Appearing on The Cure’s 1989 masterpiece Disintegration, ‘Lovesong’ displays Gallup’s bass virtuosity at its melodic best. In their famed Dark Trilogy of the early 1980s, The Cure benefitted from a dense, driving bass sound, but in their latter, more radio-conscious work, Gallup opted for a more dynamic rhythm.

‘Lovesong’ heard all members of the band in perfect harmony. Gallup and Lol Tolhurst’s sturdy and confident rhythm section is adorned more sporadically by Smith’s guitar voicings and his beautiful lyrical ode to Mary Poole, whom he married in 1988 and remains devoted to this day.

‘Fascination Street’

‘Fascination Street’ fights for light in the rich canopy that is Disintegration.
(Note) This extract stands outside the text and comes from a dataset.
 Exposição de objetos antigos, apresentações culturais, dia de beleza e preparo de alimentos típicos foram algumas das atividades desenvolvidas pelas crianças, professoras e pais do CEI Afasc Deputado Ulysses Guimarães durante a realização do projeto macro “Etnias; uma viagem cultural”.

A great deal of its appeal arrived courtesy of Gallup’s tense bassline. Like much of his work on the album, the bassline provided a strong skeleton at the heart of the song that Smith could flesh out with overdriven guitar embellishments.

“A ‘generic’ song about the (often cynical) delights of exploring a new city nightlife; based loosely on one particular ‘band adventure’ in New Orleans 1985 – Bourbon Street, the cliche perhaps,” Robert Smith commented on the lyrics on the Disintegration liner notes.

‘Hot Hot Hot!!!’

Having shown his ability to lay down driving, oppressive basslines in keeping with the punk era, Gallup expanded his scope in the late 1980s. ‘Hot Hot Hot!!!’ was released as the fourth and final single from 1987’s Kiss Me, Kiss Me, Kiss Me. This track remains one of The Cure’s most unique thanks to its lack of melancholy and compensatory funkiness.
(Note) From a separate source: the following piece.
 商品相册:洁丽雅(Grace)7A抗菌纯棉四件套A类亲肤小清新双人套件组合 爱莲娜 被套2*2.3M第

‘Hot Hot Hot!!!’ has been treated to several versions over the years. Perhaps the greatest appeared on the 1990 remix album, Mixed Up. Guitar and drum tracks introduce the rhythm in the “Extended Mix” version before Gallup’s bassline brings a bold, danceable groove to proceedings.

‘Primary’

‘Primary’ is one of the true unsung heroes of The Cure’s early rise to prominence. The track was the only single taken from 1981’s Faith, which sat between Seventeen Seconds and Pornography as the quiet assassin at the heart of the Dark Trilogy. While Faith didn’t spawn so many readily accessible tracks as its neighbouring albums, many fans consider it among The Cure’s most consummate works.
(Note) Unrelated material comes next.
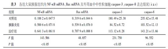 大黃素對大鼠急性胰腺炎的治療作用 【摘要】 目的 探討大黃素誘導(dǎo)細胞凋亡對大鼠急性胰腺炎(acutepancreatitis,AP)的治療作用。 方法。矗抵唬樱拇笫蠓譃閷φ战M、胰腺炎組、治療組,每組15只。觀察胰腺組織內(nèi)腺泡細胞凋亡指數(shù)、NFκBmRNA、BaxmRNA、外周血中中性粒細胞(polymorphonuclearneutrophil,PMN)凋亡指數(shù)及天冬氨酸特 異性半胱氨酸蛋白酶(caspase3、caspase8)的變化情況。結(jié)果 與胰腺炎組比較,治療組腺泡細胞和PMN 凋亡指數(shù)及胰腺組織內(nèi)NFκBmRNA、BaxmRNA、PMNcaspase3與caspase8表達均明顯增加(F=853.199, 327.126,143.586,48.857,231.750,96.552,P<0.05)。治療組中,胰腺組織病理學(xué)評分與胰腺腺泡細胞 凋亡指數(shù)、PMN凋亡指數(shù)均呈負相關(guān)(r=-0.96,-0.94,P<0.05);胰腺腺泡細胞凋亡指數(shù)與胰腺組織 內(nèi)NFκBmRNA、BaxmRNA表達呈正相關(guān)(r=0.73,0.76,P <0.05);胰腺組織內(nèi)NFκBmRNA與 BaxmRNA表達呈正相關(guān)(r=0.94,P<0.05);PMN凋亡指數(shù)與PMNcaspase3、caspase8表達均呈正相 關(guān)(r=0.99,0.99,P<0.05)。結(jié)論 大黃素能有效治療AP,其機制是通過Bax途徑誘導(dǎo)胰腺腺泡細胞 凋亡,并通過caspase途徑來誘導(dǎo)外周血中PMN凋亡,從而明顯減輕AP病情程度。 【關(guān)鍵詞】 胰腺炎; 急性; 大黃素; 凋亡

Gallup’s bassline gives ‘Primary’ its intrinsic impetus and a cold, desolate atmosphere emblematic of The Cure’s early work. The song’s pace feeds off the dying punk era, seamlessly blending with the gothic aesthetic the band would ultimately define.

‘A Forest’

Gallup’s bassline in ‘A Forest’, The Cure’s most popular Dark Trilogy hit, perfectly tessellates with Smith’s iconic guitar riff. After the ethereal intro, Smith’s lead guitar begins in earnest with the pace of Tolhurst’s drums for two bars before Gallup enters the fray. This layered entry has been used to great effect throughout the Cure’s catalogue and never fails to highlight Gallup’s essential presence.

In Robert Webb’s popular 2017 memoir How Not to Be a Boy, the Peep Show actor remembered being at school when ‘A Forest’ came out and lamented that he didn’t learn the bassline like all of his uber-cool classmates. Gallup clearly made quite the impression, undoubtedly inspiring countless youngsters to pick up the bass guitar.